Saved data entries
___

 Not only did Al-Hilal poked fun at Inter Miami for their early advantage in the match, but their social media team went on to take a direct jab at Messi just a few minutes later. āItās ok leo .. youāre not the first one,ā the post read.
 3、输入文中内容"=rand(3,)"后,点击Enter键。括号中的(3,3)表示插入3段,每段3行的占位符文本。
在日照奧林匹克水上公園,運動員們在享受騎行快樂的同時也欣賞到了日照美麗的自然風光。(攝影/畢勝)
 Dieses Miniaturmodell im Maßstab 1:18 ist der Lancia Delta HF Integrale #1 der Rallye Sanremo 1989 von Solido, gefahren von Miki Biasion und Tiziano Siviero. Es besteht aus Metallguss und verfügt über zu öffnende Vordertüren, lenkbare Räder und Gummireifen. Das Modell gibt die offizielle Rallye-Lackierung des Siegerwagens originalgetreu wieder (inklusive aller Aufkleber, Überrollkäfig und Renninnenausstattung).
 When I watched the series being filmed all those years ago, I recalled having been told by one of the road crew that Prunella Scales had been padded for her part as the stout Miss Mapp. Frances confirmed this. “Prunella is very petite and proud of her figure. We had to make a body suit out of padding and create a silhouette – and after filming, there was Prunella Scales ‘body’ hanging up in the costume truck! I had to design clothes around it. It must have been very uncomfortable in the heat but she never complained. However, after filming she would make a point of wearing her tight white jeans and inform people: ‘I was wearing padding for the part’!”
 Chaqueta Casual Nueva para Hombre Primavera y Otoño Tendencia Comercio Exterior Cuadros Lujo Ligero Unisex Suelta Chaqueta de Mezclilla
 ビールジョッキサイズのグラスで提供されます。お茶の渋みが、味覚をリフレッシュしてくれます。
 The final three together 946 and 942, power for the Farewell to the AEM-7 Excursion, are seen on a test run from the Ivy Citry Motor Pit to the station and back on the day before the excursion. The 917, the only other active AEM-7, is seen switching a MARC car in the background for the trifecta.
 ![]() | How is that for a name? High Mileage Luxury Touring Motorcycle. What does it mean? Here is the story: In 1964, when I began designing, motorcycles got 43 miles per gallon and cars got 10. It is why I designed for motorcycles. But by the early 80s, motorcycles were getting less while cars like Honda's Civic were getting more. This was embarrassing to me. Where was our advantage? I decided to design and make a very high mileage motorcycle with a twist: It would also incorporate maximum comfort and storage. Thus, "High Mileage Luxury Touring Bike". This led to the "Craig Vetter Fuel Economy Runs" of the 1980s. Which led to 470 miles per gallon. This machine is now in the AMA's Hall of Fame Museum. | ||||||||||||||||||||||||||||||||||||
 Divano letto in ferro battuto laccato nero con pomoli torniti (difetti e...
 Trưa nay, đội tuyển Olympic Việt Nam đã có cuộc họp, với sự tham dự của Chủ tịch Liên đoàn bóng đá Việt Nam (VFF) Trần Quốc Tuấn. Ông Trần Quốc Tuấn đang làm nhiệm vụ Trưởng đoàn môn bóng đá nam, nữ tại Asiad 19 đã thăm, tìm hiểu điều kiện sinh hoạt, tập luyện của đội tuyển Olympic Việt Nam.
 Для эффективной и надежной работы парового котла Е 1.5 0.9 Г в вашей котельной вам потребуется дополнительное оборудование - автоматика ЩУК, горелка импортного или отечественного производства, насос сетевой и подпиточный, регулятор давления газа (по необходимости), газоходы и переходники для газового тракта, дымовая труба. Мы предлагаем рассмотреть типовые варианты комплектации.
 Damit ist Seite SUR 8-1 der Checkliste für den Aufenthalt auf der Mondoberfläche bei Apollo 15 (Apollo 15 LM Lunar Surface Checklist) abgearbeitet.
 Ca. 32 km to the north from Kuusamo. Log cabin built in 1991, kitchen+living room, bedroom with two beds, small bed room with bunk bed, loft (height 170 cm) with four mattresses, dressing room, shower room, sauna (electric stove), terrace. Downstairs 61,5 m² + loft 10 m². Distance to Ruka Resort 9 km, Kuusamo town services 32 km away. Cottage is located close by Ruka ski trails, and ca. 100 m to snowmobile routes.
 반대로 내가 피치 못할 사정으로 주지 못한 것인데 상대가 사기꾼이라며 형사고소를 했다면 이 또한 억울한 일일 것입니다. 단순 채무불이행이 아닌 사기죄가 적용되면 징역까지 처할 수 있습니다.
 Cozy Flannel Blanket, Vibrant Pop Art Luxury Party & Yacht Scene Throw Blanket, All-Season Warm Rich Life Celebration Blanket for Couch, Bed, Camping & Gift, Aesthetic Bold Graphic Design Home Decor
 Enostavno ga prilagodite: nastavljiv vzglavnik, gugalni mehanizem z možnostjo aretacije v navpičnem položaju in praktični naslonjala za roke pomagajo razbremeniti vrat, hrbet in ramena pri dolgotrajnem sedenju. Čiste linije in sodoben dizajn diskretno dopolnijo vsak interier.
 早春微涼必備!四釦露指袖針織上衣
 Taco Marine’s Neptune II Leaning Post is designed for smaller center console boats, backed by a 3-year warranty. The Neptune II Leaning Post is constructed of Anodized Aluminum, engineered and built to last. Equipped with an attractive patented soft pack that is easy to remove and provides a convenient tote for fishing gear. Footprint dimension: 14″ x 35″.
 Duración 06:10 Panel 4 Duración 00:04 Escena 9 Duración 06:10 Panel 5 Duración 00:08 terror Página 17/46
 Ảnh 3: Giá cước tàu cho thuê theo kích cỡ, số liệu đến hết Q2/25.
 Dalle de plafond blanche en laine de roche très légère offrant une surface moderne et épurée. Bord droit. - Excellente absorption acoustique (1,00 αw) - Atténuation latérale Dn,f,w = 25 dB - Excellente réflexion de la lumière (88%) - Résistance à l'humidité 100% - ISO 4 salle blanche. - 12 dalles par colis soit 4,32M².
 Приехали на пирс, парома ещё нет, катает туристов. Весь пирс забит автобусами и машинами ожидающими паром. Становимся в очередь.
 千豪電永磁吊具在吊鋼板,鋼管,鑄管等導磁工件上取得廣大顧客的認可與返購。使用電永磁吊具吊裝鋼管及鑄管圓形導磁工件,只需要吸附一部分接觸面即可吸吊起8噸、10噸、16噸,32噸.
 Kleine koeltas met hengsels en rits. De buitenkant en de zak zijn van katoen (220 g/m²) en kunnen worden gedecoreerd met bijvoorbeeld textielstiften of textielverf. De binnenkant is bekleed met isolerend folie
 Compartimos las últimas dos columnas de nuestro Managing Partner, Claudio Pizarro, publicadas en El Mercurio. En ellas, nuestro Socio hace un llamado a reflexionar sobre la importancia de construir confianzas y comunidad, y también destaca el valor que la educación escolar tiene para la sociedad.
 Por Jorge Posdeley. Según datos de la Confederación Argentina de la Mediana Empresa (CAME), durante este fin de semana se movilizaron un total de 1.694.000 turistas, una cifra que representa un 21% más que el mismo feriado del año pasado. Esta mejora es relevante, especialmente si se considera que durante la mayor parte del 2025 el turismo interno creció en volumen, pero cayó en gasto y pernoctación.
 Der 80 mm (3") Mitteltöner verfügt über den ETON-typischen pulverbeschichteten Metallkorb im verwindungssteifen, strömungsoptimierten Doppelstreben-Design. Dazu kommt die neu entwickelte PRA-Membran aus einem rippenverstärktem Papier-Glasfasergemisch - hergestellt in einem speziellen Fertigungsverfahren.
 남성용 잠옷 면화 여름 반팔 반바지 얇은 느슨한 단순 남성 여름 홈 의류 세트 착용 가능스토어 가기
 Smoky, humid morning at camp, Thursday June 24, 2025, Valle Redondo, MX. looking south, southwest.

___

__Goal of the exercise__: The lines above from the one with "Enostavno ga prilagodite: nastavljiv" through the one with "Dalle de plafond" are to be duplicated exactly, ends included, with nothing added.

__Exercise result__:
 Enostavno ga prilagodite: nastavljiv vzglavnik, gugalni mehanizem z možnostjo aretacije v navpičnem položaju in praktični naslonjala za roke pomagajo razbremeniti vrat, hrbet in ramena pri dolgotrajnem sedenju. Čiste linije in sodoben dizajn diskretno dopolnijo vsak interier.
 早春微涼必備!四釦露指袖針織上衣
 Taco Marine’s Neptune II Leaning Post is designed for smaller center console boats, backed by a 3-year warranty. The Neptune II Leaning Post is constructed of Anodized Aluminum, engineered and built to last. Equipped with an attractive patented soft pack that is easy to remove and provides a convenient tote for fishing gear. Footprint dimension: 14″ x 35″.
 Duración 06:10 Panel 4 Duración 00:04 Escena 9 Duración 06:10 Panel 5 Duración 00:08 terror Página 17/46
 Ảnh 3: Giá cước tàu cho thuê theo kích cỡ, số liệu đến hết Q2/25.
 Dalle de plafond blanche en laine de roche très légère offrant une surface moderne et épurée. Bord droit. - Excellente absorption acoustique (1,00 αw) - Atténuation latérale Dn,f,w = 25 dB - Excellente réflexion de la lumière (88%) - Résistance à l'humidité 100% - ISO 4 salle blanche. - 12 dalles par colis soit 4,32M².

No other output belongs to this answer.